Surely it is transparent that the ALP is trying to save face and hope that voters don’t pay too much attention to their major backflip on marriage equality. Shorten’s sanctimonious address to Parliament looked to wedge himself in good favour with citizens who are fed up with political misrepresentation and, despite the fact that his party has directly contributed to this narrative today, aimed to place Labor on the right side of history. Addressing LGBTI people, Shorten finally mustered some passion for the queer community on his party’s behalf avowing:

I give you this promise, we stand with you. When you don’t feel like you have a voice we will speak up for you. When you feel attacked we will defend you. When we hear prejudice and discrimination we will not cross the roads and pretend it is not happening we will call it out.
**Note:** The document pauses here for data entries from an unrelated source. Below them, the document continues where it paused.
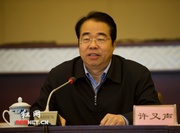 湖南省委常委、省委宣傳部部長(zhǎng)許又聲在動(dòng)員會(huì)上講話。
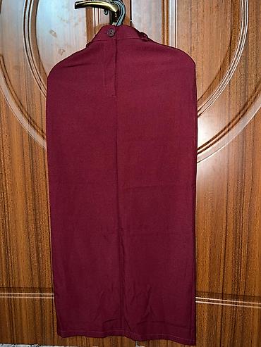 - Юбка: прямая миди, сзади застёгивается на пуговицу и молнию (застёжка сверху, см. фото). Длина ниже колена.
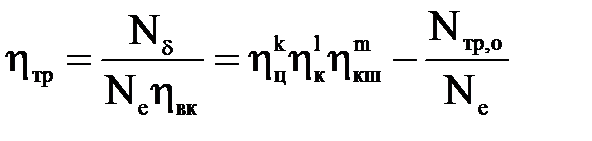 При поверочном динамическом расчете автомобиля реальную сумму параллельных потоков мощности (4.20) заменяем одним потоком, подобным мощности Nδ в формуле (4.24), а КПД трансмиссии определяем расчетом по формуле
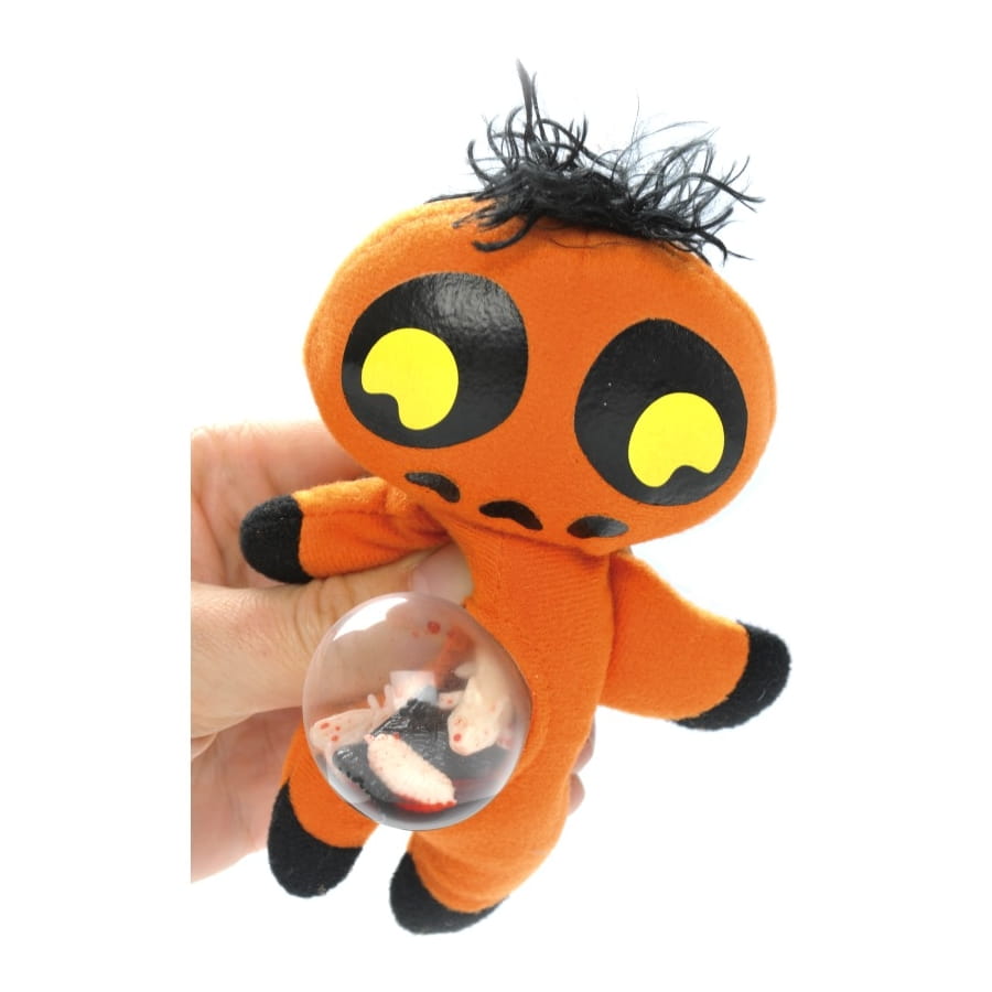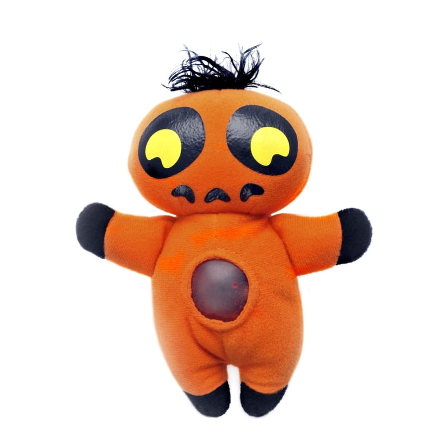 Poupée en forme de monstre citrouille de couleur orange, pour homme, femme, adolescent, adolescente ou enfant de plus de 3 ans. Pressez sur le ventre du monstre et regarder ressortir son ventre pour révéler tout son contenu. Cette poupée effrayante est idéale pour se détendre.

Yet, where was this fiery gusto by Labor when former Prime Minister Julia Gillard failed to support same-sex marriage? Her excuse of critiquing the institution of marriage left wanting and proved transparent. Rather, she paid favour to the conservative union faction whose support she was reliant upon. Labor can see their own opportunities for election by finally throwing themselves in support of a community who have been there for them with very little to show for it. In the manner that Rudd tried to wrangle support in a last-ditch attempt in 2013, and miraculously once Gillard left The Lodge, she was suddenly woken to the virtues of marriage equality. Too long have the LGBTI contingent been sidelined by progressive parties on the account that at least we aren’t them. Yet when do the crumbs these parties want to throw the community no longer suffice? In the face of criticism that the rhetoric an open debate on people’s right to marry will prove too disarming, it could similarly be levelled that what is more dangerous is the misconception for young queer people that their government representatives care more about them than the popular vote. Labor’s refusal to unequivocally support same-sex marriage when they had the chance should not be considered a non-issue for the impetus of what is merely a glorified hundred-million dollar survey.
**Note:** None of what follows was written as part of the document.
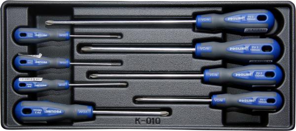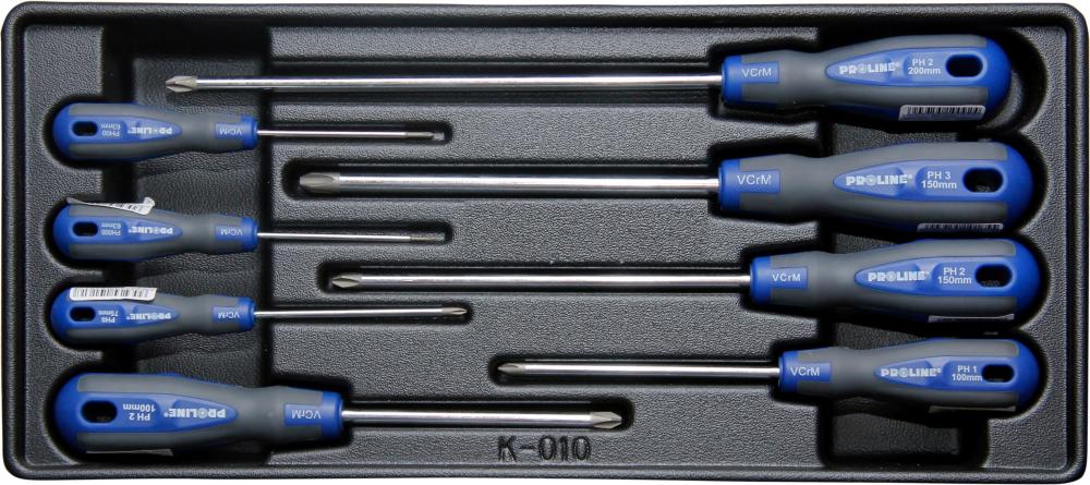 Predal orodja za kombinirane izvijače, set 8 kom. Vsebuje izvijače: PH0x75 mm (10161), PH1x100 mm (10162), PH2x100mm (10163), PH3x150 mm (10165), PH4x200 mm (10167), PH000x63 mm (10080), PH00x63 mm (10081), PH2x150 mm (10164). Velikost predala: 395x180mm.
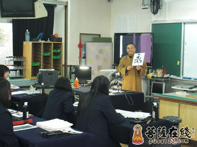 2012年2月13日,江苏扬州大明寺都监仁风法师应邀参观了日本奈良县立樱井高等学校。在此期间,仁风法师向同学们介绍了扬州大明寺的历史、概况及发展,介绍了扬州与奈良的友好关系,并与学习书道的同学们进行了亲切的交流。还特别亲笔挥毫,写下一个“永”字送于同学们,望同学们努力学习,练好书法,发挥其灵感创作出更多优良的作品。

Yet in their recent elections, Austria saw the two embodying ideologies fighting it out: the green candidate and the far-right opponent, Alexander Van der Bellen and Norbert Hofer respectively. In Austria’s case, the left proffered a political candidate willing to stand up for their contingency, and reaped the political gains. The narrow defeat of Corbyn and (non-)defeat of Sanders should not dispel the possibilities the left should be offering, but rather invoke a stronger front that is needed to fight a rising, and resistant, right in the face of centrist hindrance.